The digital AI helper sounded like a real person and reacted to questions like an actual person would, allegedly even fooling the person on the other end of the telephone line, who had no idea who (or what) she was talking to.

While Google has been working on the technology used to make the appointment with Google Assistant, called Google Duplex, for a number of years, its integration with Google Assistant is a recent addition to the service, and is still under development. Early testing of Duplex inside assistant is set to start this summer.

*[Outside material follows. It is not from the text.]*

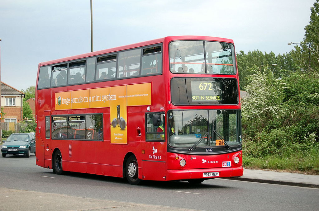 Only two buses are used on the 472, departing simultaneously at 1505 then returning to the school for a second pair of journeys at 1530. The route is operated by Selkent from Plumstead garage using standard long wheelbase Tridents, and 17142 (V142 MEV), one of the oldest buses in the Selkent fleet but looking very smart following a repaint, is seen in Central Way soon after leaving the school on 25 April 2007 with a good load. The blind display of "not in service" is obviously not correct, and shows the sloppy standards that often prevail on school routes – perhaps drivers wish to prevent anybody else trying to board, even though these services are available to everyone.
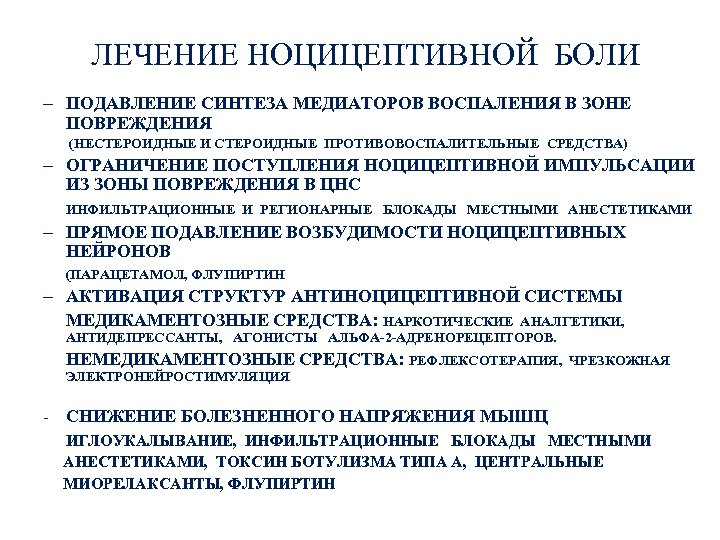 ЛЕЧЕНИЕ НОЦИЦЕПТИВНОЙ БОЛИ – ПОДАВЛЕНИЕ СИНТЕЗА МЕДИАТОРОВ ВОСПАЛЕНИЯ В ЗОНЕ ПОВРЕЖДЕНИЯ (НЕСТЕРОИДНЫЕ И СТЕРОИДНЫЕ ПРОТИВОВОСПАЛИТЕЛЬНЫЕ СРЕДСТВА) – ОГРАНИЧЕНИЕ ПОСТУПЛЕНИЯ НОЦИЦЕПТИВНОЙ ИМПУЛЬСАЦИИ ИЗ ЗОНЫ ПОВРЕЖДЕНИЯ В ЦНС ИНФИЛЬТРАЦИОННЫЕ И РЕГИОНАРНЫЕ БЛОКАДЫ МЕСТНЫМИ АНЕСТЕТИКАМИ – ПРЯМОЕ ПОДАВЛЕНИЕ ВОЗБУДИМОСТИ НОЦИЦЕПТИВНЫХ НЕЙРОНОВ (ПАРАЦЕТАМОЛ, ФЛУПИРТИН – АКТИВАЦИЯ СТРУКТУР АНТИНОЦИЦЕПТИВНОЙ СИСТЕМЫ МЕДИКАМЕНТОЗНЫЕ СРЕДСТВА: НАРКОТИЧЕСКИЕ АНАЛГЕТИКИ, АНТИДЕПРЕССАНТЫ, АГОНИСТЫ АЛЬФА-2 -АДРЕНОРЕЦЕПТОРОВ. НЕМЕДИКАМЕНТОЗНЫЕ СРЕДСТВА: РЕФЛЕКСОТЕРАПИЯ, ЧРЕЗКОЖНАЯ ЭЛЕКТРОНЕЙРОСТИМУЛЯЦИЯ - СНИЖЕНИЕ БОЛЕЗНЕННОГО НАПРЯЖЕНИЯ МЫШЦ ИГЛОУКАЛЫВАНИЕ, ИНФИЛЬТРАЦИОННЫЕ БЛОКАДЫ МЕСТНЫМИ АНЕСТЕТИКАМИ, ТОКСИН БОТУЛИЗМА ТИПА А, ЦЕНТРАЛЬНЫЕ МИОРЕЛАКСАНТЫ, ФЛУПИРТИН

Assimilating artificial intelligence (AI) into digital helpers like Google Assistant or Apple’s Siri is an important part of integrating technology that understands us into our lives. In a blog post with more details about Duplex and more examples of the technology in action, Google said, “The technology is directed towards completing specific tasks, such as scheduling certain types of appointments. For such tasks, the system makes the conversational experience as natural as possible, allowing people to speak normally, like they would to another person, without having to adapt to a machine.”

The new developments with Google Assistant are not just aimed at professionals, but Google hopes it will make help everyone that uses it to plan their days without having to take time out of them to make appointments and schedule reservations. “We really want it to work in cases, say, if you’re a busy parent in the morning and your kid is sick and you want to call for a doctor’s appointment,” said Pichai.

Google claims that Duplex has performed very well in recent tests, with the Assistant reacting intelligently, even in cases where the conversation doesn’t stick closely to the given objective. In rare cases, the Assistant needs some human intervention, but according to Google, this is few and far between.